**What is being asked:**
Could you copy every entry exactly, dropping the pictures?

+++ Data supplied

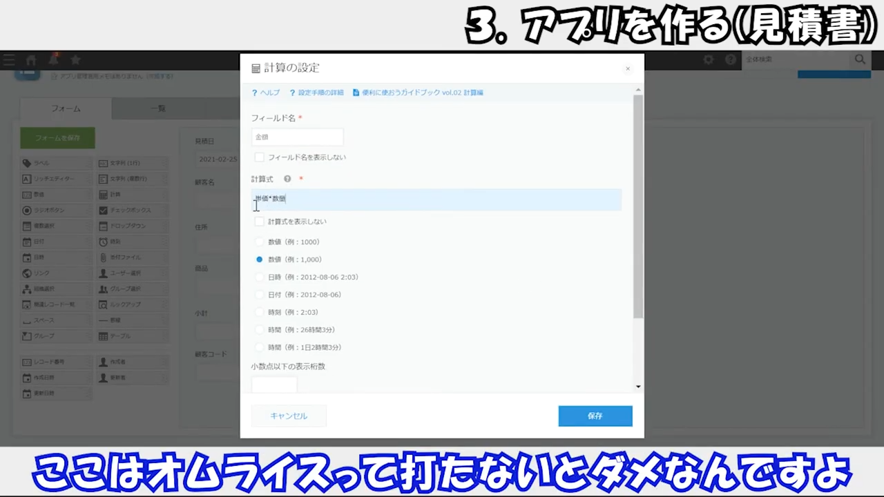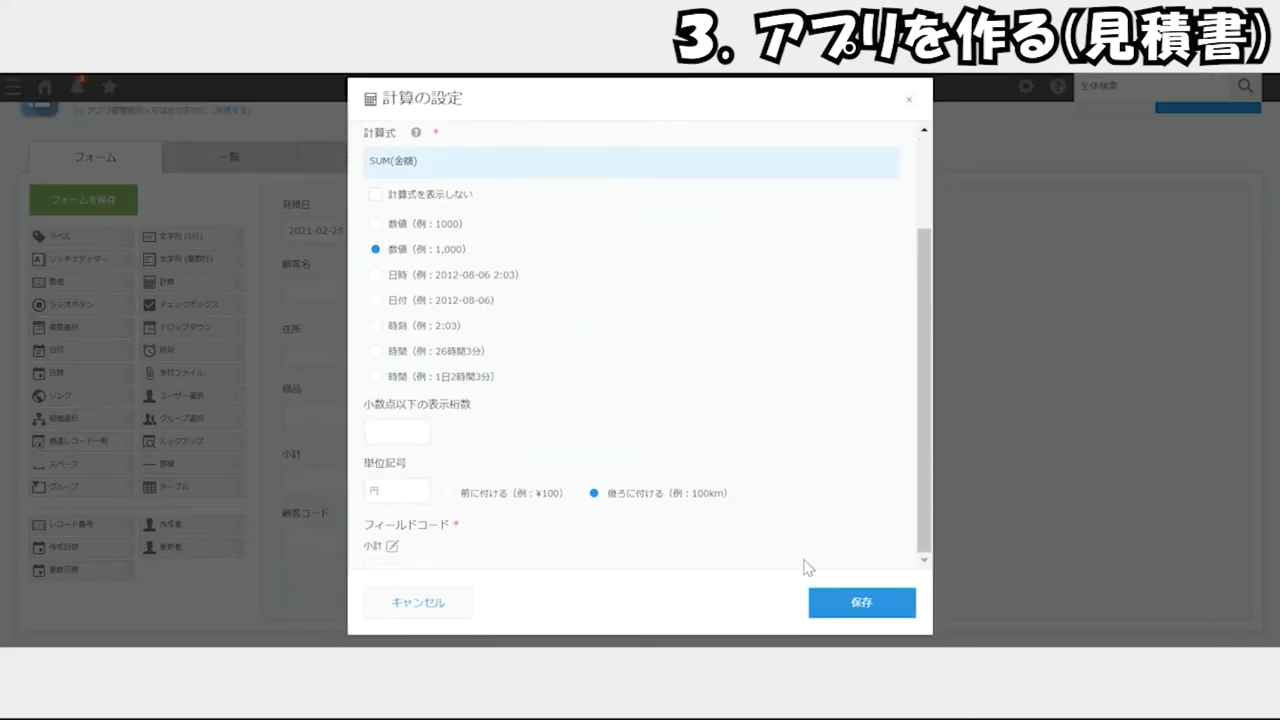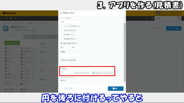 単価と数量は数値フィールドです。計算式を扱う際は数値フィールドを利用しましょう。円を後ろにつけるを選択すると、フィールドの右側に円と表記されます。
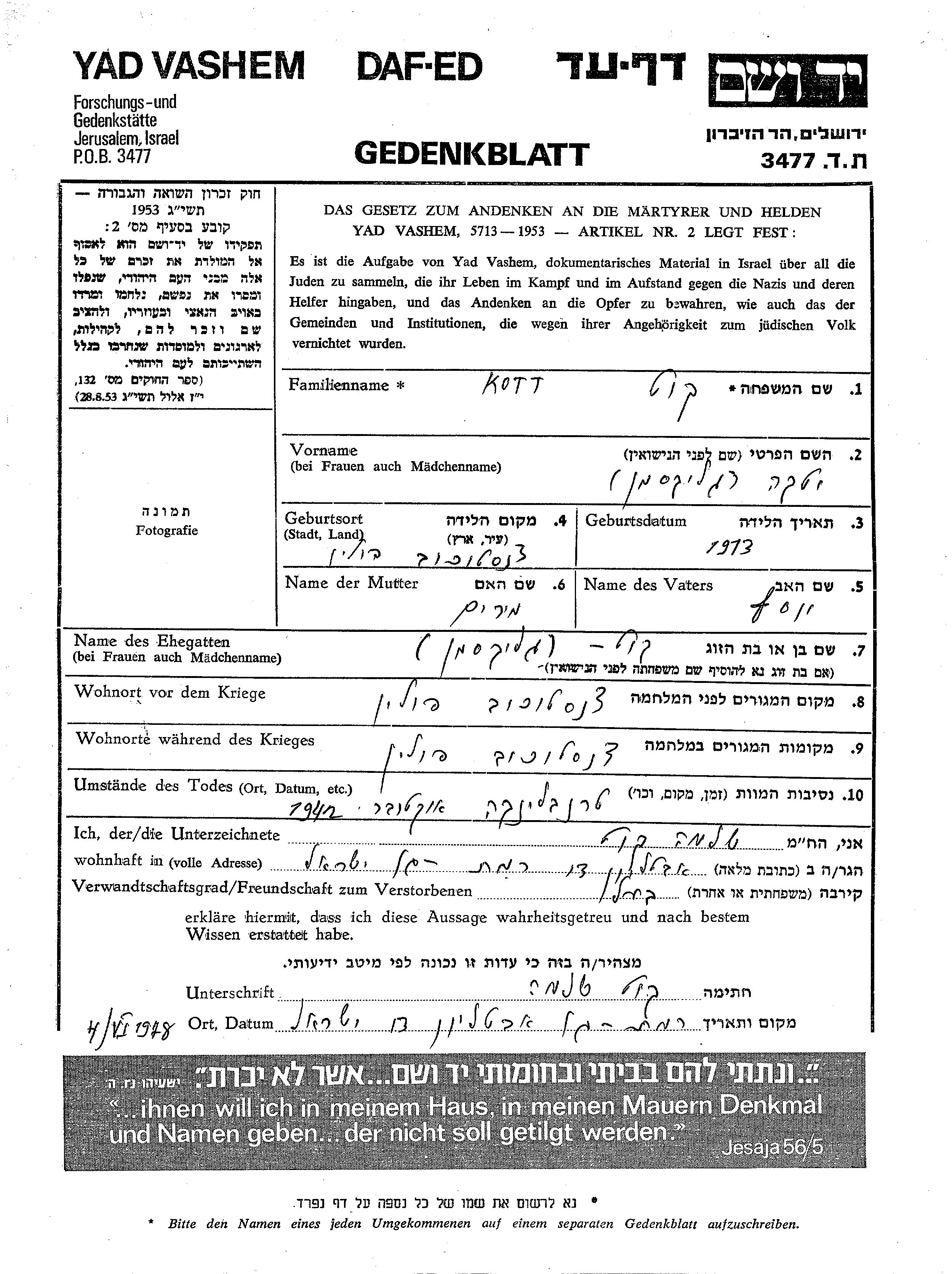 Itka Kott apellido de soltera Gliksman nació en Czestochow, Polonia en 1913, hija de Yosef y Miriam. Era casada con Shlomo. Antes de la segunda guerra mundial vivía en Czestchow, Polonia. Durante la guerra estuvo en Czestchow, Polonia.
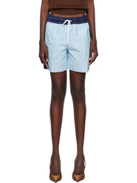 Cotton-blend canvas shorts. Jacquard logo graphic pattern and satin trim throughout. · Paneled construction · Drawstring at elasticized waistband · Three-pocket styling · Embroidered logo patch at front · Stripes at outseams · Full recycled polyester mesh lining · Gold-tone hardware Supplier color: Blue Body: 97% cotton, 3% viscose. Trim 1: 100% polyester. Trim 2: 100% polyester. Trim 3: 95% viscose, 5% polyester. Lining: 100% recycled polyester. Made in Portugal 251195F088004
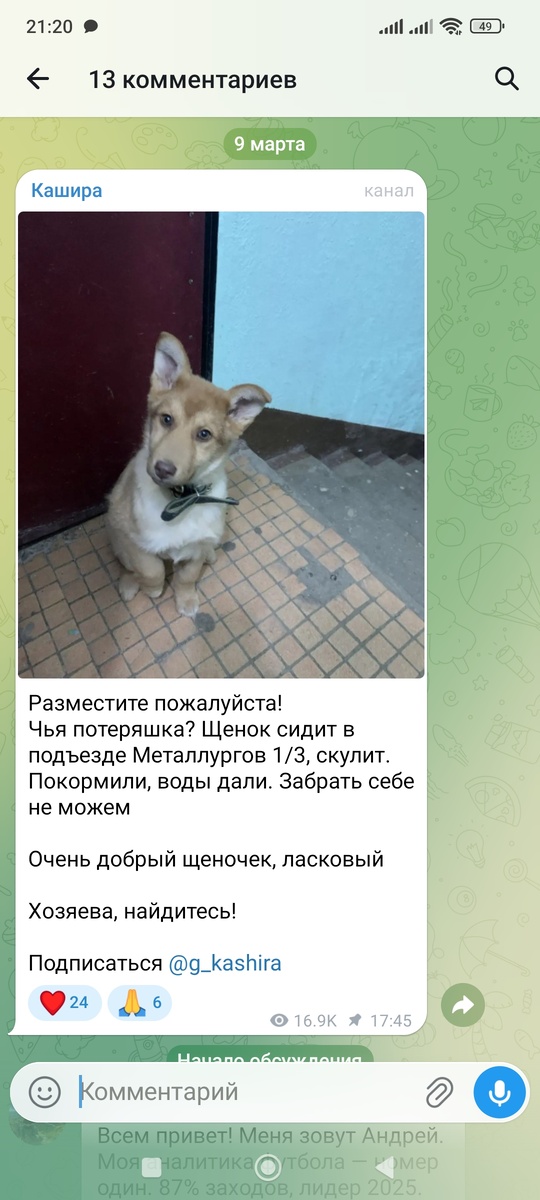 Вечером 09 марта появился в местной группе в ВК пост
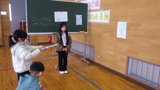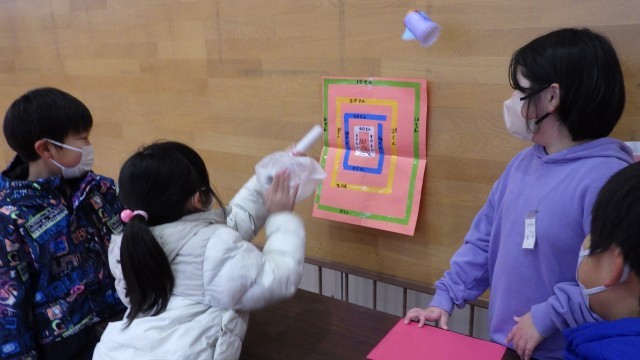 2年生が、1年生を「おもちゃバラダイス」に招待しました。体育館で、手作りのいろいろなおもちゃのお店を開き、1年生に楽しんでもらいました。1年生と2年生でたくさん交流して、ますます仲良くなっています!
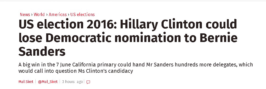 Бившият държавен секретар Хилъри Клинтън може да загуби надпреварата за номинация на демократите след предстоящите предварителни избори в Калифорния на 7 юни, пише британският в. „Индипендънт“. Нейният основен конкурент сенатор Бърни Сандърс се насочва към щата с надеждата да натрупа повече гласове на делегати, след като в Калифорния през последните месеци е регистрирано значително увеличаване на регистрирани делегати.

++++++

**Expected answer:**
 単価と数量は数値フィールドです。計算式を扱う際は数値フィールドを利用しましょう。円を後ろにつけるを選択すると、フィールドの右側に円と表記されます。
 Itka Kott apellido de soltera Gliksman nació en Czestochow, Polonia en 1913, hija de Yosef y Miriam. Era casada con Shlomo. Antes de la segunda guerra mundial vivía en Czestchow, Polonia. Durante la guerra estuvo en Czestchow, Polonia.
 Cotton-blend canvas shorts. Jacquard logo graphic pattern and satin trim throughout. · Paneled construction · Drawstring at elasticized waistband · Three-pocket styling · Embroidered logo patch at front · Stripes at outseams · Full recycled polyester mesh lining · Gold-tone hardware Supplier color: Blue Body: 97% cotton, 3% viscose. Trim 1: 100% polyester. Trim 2: 100% polyester. Trim 3: 95% viscose, 5% polyester. Lining: 100% recycled polyester. Made in Portugal 251195F088004
 Вечером 09 марта появился в местной группе в ВК пост
 2年生が、1年生を「おもちゃバラダイス」に招待しました。体育館で、手作りのいろいろなおもちゃのお店を開き、1年生に楽しんでもらいました。1年生と2年生でたくさん交流して、ますます仲良くなっています!
 Бившият държавен секретар Хилъри Клинтън може да загуби надпреварата за номинация на демократите след предстоящите предварителни избори в Калифорния на 7 юни, пише британският в. „Индипендънт“. Нейният основен конкурент сенатор Бърни Сандърс се насочва към щата с надеждата да натрупа повече гласове на делегати, след като в Калифорния през последните месеци е регистрирано значително увеличаване на регистрирани делегати.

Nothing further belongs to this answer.